To the uninitiated, chromosome number may appear to reflect genome size — more chromosomes would mean a larger genome. This is not necessarily the case if we measure genome size by the number of base pairs in a genome. There are two primary ways to change chromosome number: chromosomal duplications and chromosomal fusions/fissions. Chromosomal duplications (either through polyploidization or aneuploidy) do change the size of the genome, either by creating a second copy of a single chromosome or duplicating an entire genome. Fusions and fissions, on the other hand, merely rearrange the content of the genome — either decreasing chromosome number by combining two chromosomes into one or increasing chromosome number by dividing one chromosome into two — but the actual size of the genome does not change.
A lot of people do recognize the difference between fusions and chromosomal duplications. But they struggle to explain how fusions could persist in population or fix between them, inventing elaborate explanations for chromosomal rearrangements. The struggle to understand the fitness consequences of chromosomal rearrangements is exemplified in this email over the Bionet listserve:
The Robertsonsian fusion that formed human chromosome number two (from ancestral 2A and 2B, as it is preserved in the other apes) should have caused a serious reproductive barrier, overcome only by consanguity of the highest order; mating amongst first-degree relatives. Any breeding outside the immediate family would have lead to unacceptable chromosomal imbalances.
The emailer goes on to say that this is an important unresolved issue in human genome evolution. Was there dramatic inbreeding during early human evolution to prevent heterokaryotypic individuals (those that are heterozygous for the two different chromosomal arrangements) from arising? The fitness consequences of heterokaryotypic individuals are addressed in this reply:
Floating polymorphism for Robertsonian fusions is quite common, and in many cases apparently causes little or no reductiuon in fertility (examples from rodents, spiders, grasshoppers, bovids, cockroaches….). There is no clear pattern as to when fusions will result in nondisjunction vs when they won’t, but fusion trivalents are more likely to be stable when the arms of the fusion are of similar length (there is a difference in arm length on our chromosome 2, but it isn’t extreme) and crossovers are relatively distal (don’t know if that is the case here) – the 14/21 fusion in humans is an example of very unequal arm lengths and it often missegregates, although people with this fusion still produce offspring and most are normal (5-10% of offspring are tri 21, presumably many more lost through spontaneous abortion, in addition to the other nondisjunction products). So fixation of the chromosome 2 fusion is unlikely to have required the very extreme circumstances you have outlined.
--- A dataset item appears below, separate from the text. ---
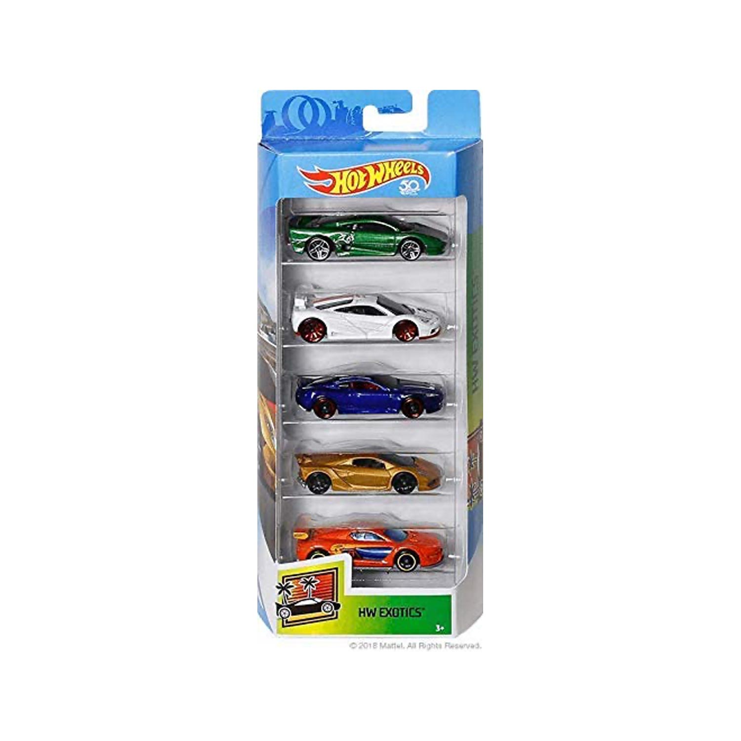 Il set Hot Wheels include 5 modelli differenti di macchinine. Una varietà di temi da collezionare e scambiare con gli amici. I veicoli hanno decorazioni esclusive e uno stile inconfondibile.

The big concern here is how chromosomal fusions and fissions affect meiosis. If they interfere with proper segregation of chromosomes, then heterokaryotypic individuals will suffer a fitness cost because they won’t be able to produce viable gametes. But fusions, on their own, don’t make proper segregation impossible, as shown below:
While these rearrangements may lead to problems during meiotic segregation, they do not make meiosis impossible. But one often notices chromosomal rearrangements that differentiate two species (ie, the fusion that occurred after humans diverged from chimpanzees). One might think that selection against heterokaryotypic individuals may lead to the reproductive isolation between karyotypes. But it’s not the rearrangements themselves that lead to reproductive isolation; it’s the genes that are contained within the rearrangements. For example, inversions prevent genetic exchange (recombination) between karyotypes which allows for mutations that cause reproductive isolation between karyotypes to accumulate within those inverted regions.